**Your instructions:** The line with "После этого заведенные", the line with "Men Shacket Long", and all lines between them in the material below: return these exactly, and no others.

**Data to process:**
--- --- ---
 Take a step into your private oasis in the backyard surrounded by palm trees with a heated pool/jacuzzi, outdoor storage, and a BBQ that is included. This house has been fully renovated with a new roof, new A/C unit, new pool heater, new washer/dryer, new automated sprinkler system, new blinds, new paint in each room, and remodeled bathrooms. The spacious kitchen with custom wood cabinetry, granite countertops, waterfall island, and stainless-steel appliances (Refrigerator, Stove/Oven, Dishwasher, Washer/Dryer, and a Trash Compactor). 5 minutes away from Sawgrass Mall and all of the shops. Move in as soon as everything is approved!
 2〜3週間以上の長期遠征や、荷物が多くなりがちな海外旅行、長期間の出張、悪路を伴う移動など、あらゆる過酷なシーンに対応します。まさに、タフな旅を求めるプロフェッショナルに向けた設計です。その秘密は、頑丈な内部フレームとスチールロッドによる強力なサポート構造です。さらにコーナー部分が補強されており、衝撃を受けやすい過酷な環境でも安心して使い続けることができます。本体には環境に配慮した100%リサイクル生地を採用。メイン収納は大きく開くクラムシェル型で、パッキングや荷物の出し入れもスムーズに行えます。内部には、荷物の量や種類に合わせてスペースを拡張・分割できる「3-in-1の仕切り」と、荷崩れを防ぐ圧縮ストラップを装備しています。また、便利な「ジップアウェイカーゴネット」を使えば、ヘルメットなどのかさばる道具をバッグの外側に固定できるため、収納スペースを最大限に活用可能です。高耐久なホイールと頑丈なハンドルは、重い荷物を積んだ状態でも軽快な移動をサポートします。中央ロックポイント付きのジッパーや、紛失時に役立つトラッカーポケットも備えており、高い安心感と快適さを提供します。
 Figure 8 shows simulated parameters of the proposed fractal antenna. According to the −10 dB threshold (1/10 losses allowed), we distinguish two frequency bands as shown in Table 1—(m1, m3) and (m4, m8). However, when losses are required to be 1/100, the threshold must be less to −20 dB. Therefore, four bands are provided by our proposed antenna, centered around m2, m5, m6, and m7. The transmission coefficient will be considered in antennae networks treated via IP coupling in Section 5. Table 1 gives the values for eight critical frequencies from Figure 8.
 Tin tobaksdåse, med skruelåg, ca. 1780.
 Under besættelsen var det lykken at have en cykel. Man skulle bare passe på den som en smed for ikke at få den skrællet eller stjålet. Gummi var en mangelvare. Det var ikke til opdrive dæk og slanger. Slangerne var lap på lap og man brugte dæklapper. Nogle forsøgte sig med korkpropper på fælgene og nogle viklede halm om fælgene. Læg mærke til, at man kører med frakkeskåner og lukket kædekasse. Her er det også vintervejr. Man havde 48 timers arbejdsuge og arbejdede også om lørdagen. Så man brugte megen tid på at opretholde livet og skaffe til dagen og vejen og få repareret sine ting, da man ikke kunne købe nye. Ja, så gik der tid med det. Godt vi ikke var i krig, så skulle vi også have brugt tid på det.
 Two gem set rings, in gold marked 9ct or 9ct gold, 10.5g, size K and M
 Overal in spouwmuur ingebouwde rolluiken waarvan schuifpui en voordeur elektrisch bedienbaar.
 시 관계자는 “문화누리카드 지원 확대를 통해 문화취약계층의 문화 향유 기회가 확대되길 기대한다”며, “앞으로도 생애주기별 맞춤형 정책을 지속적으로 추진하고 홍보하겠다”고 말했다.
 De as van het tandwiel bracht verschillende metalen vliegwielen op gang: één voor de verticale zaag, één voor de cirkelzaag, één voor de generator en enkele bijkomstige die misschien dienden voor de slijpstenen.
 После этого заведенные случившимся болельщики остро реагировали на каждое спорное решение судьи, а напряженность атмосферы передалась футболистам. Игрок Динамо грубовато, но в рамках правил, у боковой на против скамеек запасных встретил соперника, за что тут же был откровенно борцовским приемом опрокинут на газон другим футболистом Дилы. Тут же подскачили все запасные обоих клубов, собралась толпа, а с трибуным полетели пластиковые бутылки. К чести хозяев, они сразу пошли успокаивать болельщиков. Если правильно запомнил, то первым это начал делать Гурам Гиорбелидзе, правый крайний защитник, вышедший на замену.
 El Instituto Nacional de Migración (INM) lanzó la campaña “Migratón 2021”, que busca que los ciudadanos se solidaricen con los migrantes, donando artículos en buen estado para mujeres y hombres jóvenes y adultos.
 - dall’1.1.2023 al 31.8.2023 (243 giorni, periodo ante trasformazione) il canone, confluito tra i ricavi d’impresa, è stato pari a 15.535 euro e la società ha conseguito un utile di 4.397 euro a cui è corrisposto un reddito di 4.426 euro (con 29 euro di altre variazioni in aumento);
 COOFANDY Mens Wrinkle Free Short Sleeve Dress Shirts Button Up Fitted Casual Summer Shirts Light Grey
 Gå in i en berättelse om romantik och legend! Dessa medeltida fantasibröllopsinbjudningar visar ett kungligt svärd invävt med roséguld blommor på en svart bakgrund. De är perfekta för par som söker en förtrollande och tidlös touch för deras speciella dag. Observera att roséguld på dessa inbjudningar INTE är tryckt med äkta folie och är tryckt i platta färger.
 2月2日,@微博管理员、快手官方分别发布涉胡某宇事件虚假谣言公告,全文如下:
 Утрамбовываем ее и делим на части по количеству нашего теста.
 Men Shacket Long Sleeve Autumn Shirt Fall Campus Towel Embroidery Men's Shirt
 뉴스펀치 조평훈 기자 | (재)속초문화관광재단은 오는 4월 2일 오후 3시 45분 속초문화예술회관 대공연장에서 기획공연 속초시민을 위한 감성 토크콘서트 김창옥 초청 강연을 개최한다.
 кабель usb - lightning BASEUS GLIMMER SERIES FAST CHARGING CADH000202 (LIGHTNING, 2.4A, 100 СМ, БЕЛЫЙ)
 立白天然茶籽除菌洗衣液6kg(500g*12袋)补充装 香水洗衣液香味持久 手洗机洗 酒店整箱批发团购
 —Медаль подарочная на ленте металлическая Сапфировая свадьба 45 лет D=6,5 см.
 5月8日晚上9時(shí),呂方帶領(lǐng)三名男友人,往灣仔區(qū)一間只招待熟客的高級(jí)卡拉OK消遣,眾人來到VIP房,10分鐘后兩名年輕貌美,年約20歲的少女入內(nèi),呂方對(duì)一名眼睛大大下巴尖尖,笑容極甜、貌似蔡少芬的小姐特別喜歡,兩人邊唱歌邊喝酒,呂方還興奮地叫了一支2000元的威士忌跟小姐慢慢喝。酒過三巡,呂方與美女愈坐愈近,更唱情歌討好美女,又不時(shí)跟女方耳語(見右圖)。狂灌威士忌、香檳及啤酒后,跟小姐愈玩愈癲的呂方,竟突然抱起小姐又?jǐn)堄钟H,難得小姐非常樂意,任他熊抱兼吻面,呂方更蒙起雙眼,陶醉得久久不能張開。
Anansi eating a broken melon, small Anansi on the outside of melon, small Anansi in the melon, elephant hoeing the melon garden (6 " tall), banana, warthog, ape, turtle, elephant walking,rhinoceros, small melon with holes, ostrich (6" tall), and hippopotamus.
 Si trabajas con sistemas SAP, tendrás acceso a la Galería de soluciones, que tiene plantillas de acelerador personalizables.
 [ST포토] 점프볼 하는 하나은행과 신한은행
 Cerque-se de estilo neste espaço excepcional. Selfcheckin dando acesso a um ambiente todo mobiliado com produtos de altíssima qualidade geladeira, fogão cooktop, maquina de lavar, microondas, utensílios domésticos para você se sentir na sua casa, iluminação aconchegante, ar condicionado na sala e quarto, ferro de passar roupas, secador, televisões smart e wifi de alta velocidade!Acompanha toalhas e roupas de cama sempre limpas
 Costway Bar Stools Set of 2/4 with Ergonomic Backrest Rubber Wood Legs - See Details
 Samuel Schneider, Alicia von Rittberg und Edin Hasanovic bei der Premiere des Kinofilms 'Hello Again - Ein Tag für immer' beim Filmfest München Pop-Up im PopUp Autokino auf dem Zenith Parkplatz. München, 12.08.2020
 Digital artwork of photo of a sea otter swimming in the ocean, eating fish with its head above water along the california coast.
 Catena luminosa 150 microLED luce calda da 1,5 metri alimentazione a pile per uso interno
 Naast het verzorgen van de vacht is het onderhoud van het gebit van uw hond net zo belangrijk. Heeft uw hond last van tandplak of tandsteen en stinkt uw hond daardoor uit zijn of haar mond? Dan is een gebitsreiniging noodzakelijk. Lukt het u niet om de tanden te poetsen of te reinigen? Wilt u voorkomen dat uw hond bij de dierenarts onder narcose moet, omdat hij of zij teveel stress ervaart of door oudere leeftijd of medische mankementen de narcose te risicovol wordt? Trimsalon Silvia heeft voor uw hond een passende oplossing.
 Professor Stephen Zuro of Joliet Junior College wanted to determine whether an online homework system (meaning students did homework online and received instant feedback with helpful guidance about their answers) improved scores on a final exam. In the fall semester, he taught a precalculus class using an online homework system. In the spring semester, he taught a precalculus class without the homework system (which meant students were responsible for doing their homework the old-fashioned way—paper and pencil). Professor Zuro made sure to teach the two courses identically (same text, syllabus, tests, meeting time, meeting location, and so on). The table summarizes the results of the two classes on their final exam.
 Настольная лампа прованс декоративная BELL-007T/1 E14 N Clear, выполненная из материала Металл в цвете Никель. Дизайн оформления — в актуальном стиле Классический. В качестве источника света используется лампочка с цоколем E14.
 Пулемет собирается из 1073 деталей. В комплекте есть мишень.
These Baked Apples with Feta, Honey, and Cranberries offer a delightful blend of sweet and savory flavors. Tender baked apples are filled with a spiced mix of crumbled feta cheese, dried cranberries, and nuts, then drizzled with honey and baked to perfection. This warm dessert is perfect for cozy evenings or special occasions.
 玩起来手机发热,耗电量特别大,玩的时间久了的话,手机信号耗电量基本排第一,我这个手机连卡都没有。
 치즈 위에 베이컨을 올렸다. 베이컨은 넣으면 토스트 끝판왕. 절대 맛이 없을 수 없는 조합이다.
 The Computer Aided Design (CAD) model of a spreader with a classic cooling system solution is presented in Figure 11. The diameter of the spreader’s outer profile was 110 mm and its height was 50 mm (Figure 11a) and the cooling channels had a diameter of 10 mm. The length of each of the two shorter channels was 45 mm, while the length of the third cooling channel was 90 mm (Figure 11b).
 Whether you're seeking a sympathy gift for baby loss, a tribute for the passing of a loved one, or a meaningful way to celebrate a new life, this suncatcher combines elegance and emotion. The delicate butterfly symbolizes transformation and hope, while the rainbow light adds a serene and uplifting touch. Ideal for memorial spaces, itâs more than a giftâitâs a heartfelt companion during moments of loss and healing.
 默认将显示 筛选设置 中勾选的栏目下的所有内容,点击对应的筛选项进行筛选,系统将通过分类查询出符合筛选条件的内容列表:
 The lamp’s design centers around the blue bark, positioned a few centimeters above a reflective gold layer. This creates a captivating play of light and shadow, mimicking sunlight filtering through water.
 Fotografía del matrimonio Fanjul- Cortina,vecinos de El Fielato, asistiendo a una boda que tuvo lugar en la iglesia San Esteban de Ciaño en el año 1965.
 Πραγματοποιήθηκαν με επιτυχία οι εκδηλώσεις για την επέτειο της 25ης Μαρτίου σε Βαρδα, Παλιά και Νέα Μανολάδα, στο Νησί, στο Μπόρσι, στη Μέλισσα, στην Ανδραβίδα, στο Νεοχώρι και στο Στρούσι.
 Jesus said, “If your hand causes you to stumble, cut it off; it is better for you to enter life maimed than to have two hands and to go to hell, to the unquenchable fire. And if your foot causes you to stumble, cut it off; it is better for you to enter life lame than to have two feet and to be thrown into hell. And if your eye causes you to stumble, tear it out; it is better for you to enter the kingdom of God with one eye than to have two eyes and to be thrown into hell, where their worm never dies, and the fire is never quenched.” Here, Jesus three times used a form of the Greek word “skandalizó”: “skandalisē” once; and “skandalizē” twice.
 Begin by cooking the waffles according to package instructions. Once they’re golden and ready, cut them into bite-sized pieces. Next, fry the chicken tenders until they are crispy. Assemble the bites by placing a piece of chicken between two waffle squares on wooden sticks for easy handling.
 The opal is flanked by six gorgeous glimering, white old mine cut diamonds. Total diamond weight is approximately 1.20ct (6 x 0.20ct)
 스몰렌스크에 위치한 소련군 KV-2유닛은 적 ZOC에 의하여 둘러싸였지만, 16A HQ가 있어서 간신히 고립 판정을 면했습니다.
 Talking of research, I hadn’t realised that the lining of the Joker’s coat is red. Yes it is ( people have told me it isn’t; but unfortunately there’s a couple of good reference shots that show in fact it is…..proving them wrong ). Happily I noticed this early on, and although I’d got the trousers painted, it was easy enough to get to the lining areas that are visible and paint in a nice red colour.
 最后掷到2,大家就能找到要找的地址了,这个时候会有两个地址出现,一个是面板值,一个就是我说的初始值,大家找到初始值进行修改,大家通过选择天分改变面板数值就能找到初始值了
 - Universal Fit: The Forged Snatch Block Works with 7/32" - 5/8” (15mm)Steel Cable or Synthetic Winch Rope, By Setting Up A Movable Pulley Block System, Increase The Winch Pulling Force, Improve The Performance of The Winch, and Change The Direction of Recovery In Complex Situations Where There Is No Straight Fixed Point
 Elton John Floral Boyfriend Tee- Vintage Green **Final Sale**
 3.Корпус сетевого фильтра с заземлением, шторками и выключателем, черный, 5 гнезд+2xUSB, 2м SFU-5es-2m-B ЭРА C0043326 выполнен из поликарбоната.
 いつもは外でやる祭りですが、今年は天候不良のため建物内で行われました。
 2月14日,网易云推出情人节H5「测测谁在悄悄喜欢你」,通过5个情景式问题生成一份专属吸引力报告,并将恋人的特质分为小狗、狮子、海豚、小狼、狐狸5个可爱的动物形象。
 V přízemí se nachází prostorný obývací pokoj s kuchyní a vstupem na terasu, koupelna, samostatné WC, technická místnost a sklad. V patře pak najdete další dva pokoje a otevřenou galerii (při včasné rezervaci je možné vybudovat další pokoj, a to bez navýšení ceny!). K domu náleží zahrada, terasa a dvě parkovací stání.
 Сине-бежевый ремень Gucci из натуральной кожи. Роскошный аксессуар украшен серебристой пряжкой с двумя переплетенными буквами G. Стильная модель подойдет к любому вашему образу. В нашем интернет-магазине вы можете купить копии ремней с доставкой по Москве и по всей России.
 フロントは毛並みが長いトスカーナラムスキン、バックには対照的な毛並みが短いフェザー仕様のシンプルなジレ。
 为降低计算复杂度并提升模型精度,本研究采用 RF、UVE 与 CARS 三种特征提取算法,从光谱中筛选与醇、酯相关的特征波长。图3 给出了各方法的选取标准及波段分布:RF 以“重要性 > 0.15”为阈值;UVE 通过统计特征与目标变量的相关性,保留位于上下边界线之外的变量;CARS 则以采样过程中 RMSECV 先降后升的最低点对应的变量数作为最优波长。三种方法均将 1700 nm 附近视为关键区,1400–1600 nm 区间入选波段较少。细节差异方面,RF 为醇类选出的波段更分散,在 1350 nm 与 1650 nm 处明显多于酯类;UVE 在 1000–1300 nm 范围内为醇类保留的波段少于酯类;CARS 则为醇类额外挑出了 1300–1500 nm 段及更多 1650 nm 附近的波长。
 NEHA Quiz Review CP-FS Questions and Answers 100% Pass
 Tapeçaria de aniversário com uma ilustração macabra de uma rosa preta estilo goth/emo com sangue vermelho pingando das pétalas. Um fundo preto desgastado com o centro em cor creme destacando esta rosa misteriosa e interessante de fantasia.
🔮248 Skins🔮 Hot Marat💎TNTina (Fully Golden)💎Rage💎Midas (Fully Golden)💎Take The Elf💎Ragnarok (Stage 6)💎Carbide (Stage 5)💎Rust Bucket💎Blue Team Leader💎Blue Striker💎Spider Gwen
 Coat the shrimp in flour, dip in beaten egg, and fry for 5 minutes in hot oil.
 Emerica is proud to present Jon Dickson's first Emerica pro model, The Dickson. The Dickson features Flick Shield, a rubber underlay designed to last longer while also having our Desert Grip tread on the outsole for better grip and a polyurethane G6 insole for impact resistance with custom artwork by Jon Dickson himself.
--- --- ---
**Problem solution:**
 После этого заведенные случившимся болельщики остро реагировали на каждое спорное решение судьи, а напряженность атмосферы передалась футболистам. Игрок Динамо грубовато, но в рамках правил, у боковой на против скамеек запасных встретил соперника, за что тут же был откровенно борцовским приемом опрокинут на газон другим футболистом Дилы. Тут же подскачили все запасные обоих клубов, собралась толпа, а с трибуным полетели пластиковые бутылки. К чести хозяев, они сразу пошли успокаивать болельщиков. Если правильно запомнил, то первым это начал делать Гурам Гиорбелидзе, правый крайний защитник, вышедший на замену.
 El Instituto Nacional de Migración (INM) lanzó la campaña “Migratón 2021”, que busca que los ciudadanos se solidaricen con los migrantes, donando artículos en buen estado para mujeres y hombres jóvenes y adultos.
 - dall’1.1.2023 al 31.8.2023 (243 giorni, periodo ante trasformazione) il canone, confluito tra i ricavi d’impresa, è stato pari a 15.535 euro e la società ha conseguito un utile di 4.397 euro a cui è corrisposto un reddito di 4.426 euro (con 29 euro di altre variazioni in aumento);
 COOFANDY Mens Wrinkle Free Short Sleeve Dress Shirts Button Up Fitted Casual Summer Shirts Light Grey
 Gå in i en berättelse om romantik och legend! Dessa medeltida fantasibröllopsinbjudningar visar ett kungligt svärd invävt med roséguld blommor på en svart bakgrund. De är perfekta för par som söker en förtrollande och tidlös touch för deras speciella dag. Observera att roséguld på dessa inbjudningar INTE är tryckt med äkta folie och är tryckt i platta färger.
 2月2日,@微博管理员、快手官方分别发布涉胡某宇事件虚假谣言公告,全文如下:
 Утрамбовываем ее и делим на части по количеству нашего теста.
 Men Shacket Long Sleeve Autumn Shirt Fall Campus Towel Embroidery Men's Shirt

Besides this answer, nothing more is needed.